There is much more to Communism than the Berlin Wall.

Look who is not speaking

Comment on The Times article ‘East was best — and then the Soviets sold us out,’ says East Germany’s last leader by Peter Conradi.

The subject of the ‘fall of Communism’ is misunderstood and mis-narrated, to put it mildly. You should look at it critically and ask lots of questions.

Notice the absence of stories about Communism’s victims. Instead you get stories about those replaced in 1989-90 who ran the criminal state. Then, with the partial exception of East Germany, it becomes a narrative about an internal power struggle among the Communists themselves.

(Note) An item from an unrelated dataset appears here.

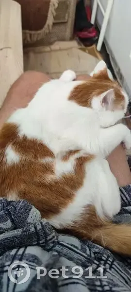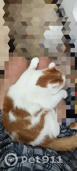 Убежал из дома в районе 22:00. Средних размеров, белый с рыжими пятнами на спине и голове. Рыжий хвост. 7 лет. Пугливый, вряд-ли убежал далеко. Абсолютно домашний, к улице не приспособлен.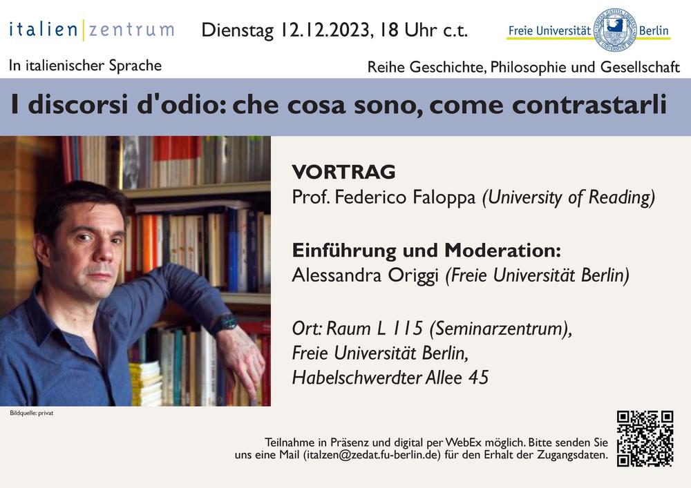 Partecipazione possibile in presenza e online via WebEx. Si prega di inviarci una e-mail (italzen@zedat.fu-berlin.de) per ricevere le credenziali di accesso.

Communism, as implemented in Eastern Europe, is the most advanced form of dictatorship ever implemented. Note the present tense in the preceding sentence. Has it really collapsed like a house of cards, undone by internal dissenters originating from the core of the Communist regime?

I come from a Polish family persecuted by the Communists and I can firmly say that the Communism has not fallen. The people, the organisation, the methods are all in place and functioning. The symbolic layer has been repainted, though not entirely. The simplistic announcements that Communism has fallen, if anything, indicate a failure of an intellectual enterprise.